Tout au long de son existence pendant l'entre-deux-guerres, l'union yougoslave ne connut qu'instabilité. La région était déchirée par les tensions ethniques et religieuses, menacée par les activités terroristes italiennes, hongroises et bulgares à ses frontières. Les différences fondamentales entre les dirigeants serbes et croates quant à sa structure même ne pouvaient aboutir qu'à une impasse. Après d'innombrables tentatives de négociations et plusieurs assassinats politiques (dont un au parlement), le roi Alexandre perdit patience. Soutenu par l'armée yougoslave et l'administration, toutes deux dominées par les Serbes, il mit en place une dictature centralisée en 1929. Il n'avait cependant pas moins l'intention de restaurer une forme de régime parlementaire et une certaine autonomie ethnique. Pendant la décennie qui suivit, il fallut repousser les terroristes bulgares de l'IMRO (Organisation révolutionnaire intérieure macédonienne) et les insurgés croates séparatistes de l'Ustasa (les oustachis) dirigés par Ante Pavelic. Ses deux mouvements étaient financés, soutenus et protégés par l'Italie, la Hongrie et la Bulgarie. Le gouvernement fédéral tenta néanmoins de trouver un compromis avec les dirigeants croates pour une autonomie de leur pays.

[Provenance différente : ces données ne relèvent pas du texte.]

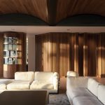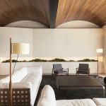 While the architecture claims straight lines and geometric presence, the interior areas throughout the structure were created to contort the space with curves and wooden ceilings, applied materials and interior architecture. Something the architects describe as ‘soft modern’.

En 1934, les terroristes de l'IMRO, munis d'armes oustachies en provenance de Hongrie achetées par le régime fasciste italien, assassinèrent le roi Alexandre à Marseille, où il commençait une visite d'État. Pierre, son fils et héritier, étant mineur (il aurait 18 ans en 1941), son frère, le prince Paul Karageorgévitch, fut nommé régent. Sous son règne, en septembre 1939, les dirigeants serbes et croates purent ébaucher un accord sur l'autonomie croate. Connu sous le nom de sporazum, cet accord ne répondait aux attentes des radicaux dans aucun des deux camps. Il contrariait également les Bosniaques et les Slovènes parce qu'il favorisait les revendications croates à l'autonomie, et ne prenait pas en compte les leurs. Les tensions ethniques et politiques s'intensifièrent jusqu'à l'invasion violente et meurtrière de la Yougoslavie par les puissances de l'Axe le 6 avril 1941.